Carolyn Maloney is circulating a letter urging Obama to name Elizabeth Warren to run the CFPB. Haven't we been through this already?

BECAUSE YOU'VE READ THIS FAR - "A female poodle fell out of the sky onto the grounds of Shorncliffe Nursing Home in Sechelt, British Columbia."

On, you can now buy T-shirts with the president's birth certificate pasted on the back. Just remember the sartorial rule: You shouldn't wear birth certificate t-shirts after Labor Day. Or before Labor Day.

JEREMY'S WEATHER REPORT - Tonight: Patches of severe thunderstorms coming through the region. They're working their way up from the southeast to northwest. I'm looking at a few patches through the afternoon and evening. These can be quite severe. We've already seen possible (and confirmed) tornadoes in the area. This will not end tonight, as the storms are coming through in waves (or, in a weather term, bands). Certainly, this is a night to be aware and tuned in. Tomorrow: Just bring an umbrella. Afternoon storms are likely, as the system continues sweeping through. As an aside: I've been thinking that the tornado alert system should be augmented. It currently is: "Tornado Watch" (possible tornadoes), "Tornado Warning" (likely tornadoes). I think that "TORNADO!!!" (there is an actual tornado on the ground) should be added. After all, when you see "TORNADO!!!" I think you know there's going to be a tornado. Thanks, JB!


- Rap artist Mr. Ghetto brings America the hit of the summer: "Walmart." []

- A man asked his girlfriend to marry him via a movie trailer. ADORBS. []

- Testing space beer in a zero-g environment. Don't ask, just watch. []

- A young Dr. Dre appears on a children's game show. Remember, this is the guy who produced "The Chronic." []

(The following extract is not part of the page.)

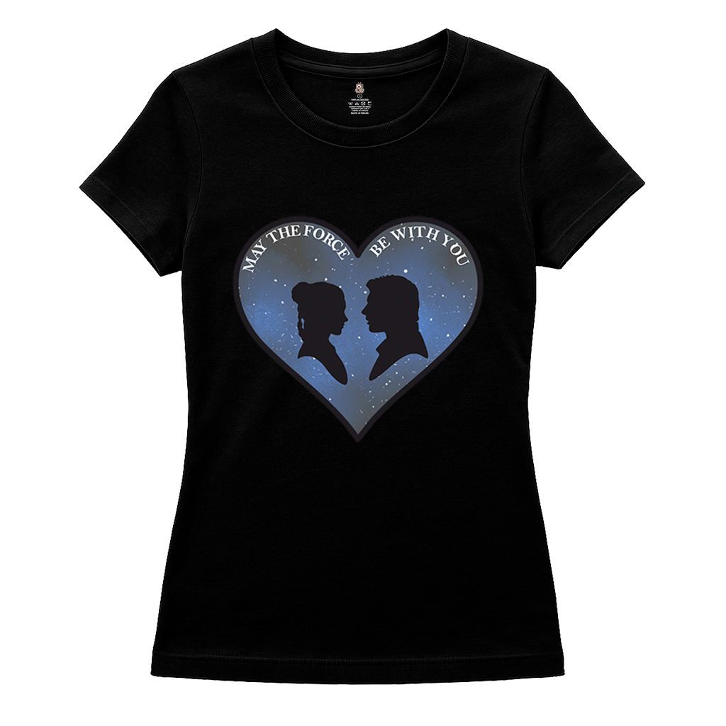 Camiseta Baby Look Star Wars – Casal Leia & Han Solo (Silhuetas no Coração)

- A company has invented a three-player chess game. This will make the Searching For Bobby Fisher sequel WAY better than the first one. []

- Beatles quilt. []

- This is a real photograph. []

- Comedy sketch of hipsters trying to one-up each others' knowledge of music. []

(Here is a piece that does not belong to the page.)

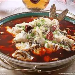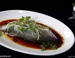 清蒸过江鱼是一道美食,由活鲤鱼、葱等原料做成。

@delrayser: Can't wait to find out whether the glitterboarding of Newt Gingrich led to any actionable intelligence.

@jaketapper: Obama campaign refuses to release long-sleeve birth certificate shirt #joking

@benjysarlin: Game Of Newt: A Song Of Ice And Social Engineering #EpicofGingrichmesh



6:00 pm - 7:30 pm: Is it just us, or is Scott Brown a pretty good approximation of what George W. Bush would be like if the Bushes never left New England? [The Offices of Davis and Harman, 1455 Pennsylvania Ave NW Suite 1200]

6:00 pm: Alcee raises some monee. Alcee Hastings is the guest of honor at a $2,500-a-plate dinner. That's a lot of monee [Rupli Townhouse, 446 New Jersey Ave SE].

6:30 pm: Roger Wicker attends his fundraiser at the Oceanaire Seafood Room. A "seafood room" sounds like an unpleasant thing [Oceanaire Seafood Room, 1201 F Street NW].


8:00 am: Keep your friends close and your friends closer. John Barrasso attends an "Oil and Gas Industry Breakfast" [Johnny's Half Shell, 400 North Capitol Street NW #175].

12:00 pm: John can't get enough of massive industries! John Barrasso attends a "Health Industry Lunch" [Johnny's Half Shell, 400 North Capitol Street NW #175].

5:00 pm - 7:00 pm: Unlike the rest of Americans whose business ventures saddle them with debt for years, politicians simply hold fundraisers to retire their debt. America! Go say hi to Lisa Murkowski [National Republican Senatorial Committee, 425 2nd Street NE].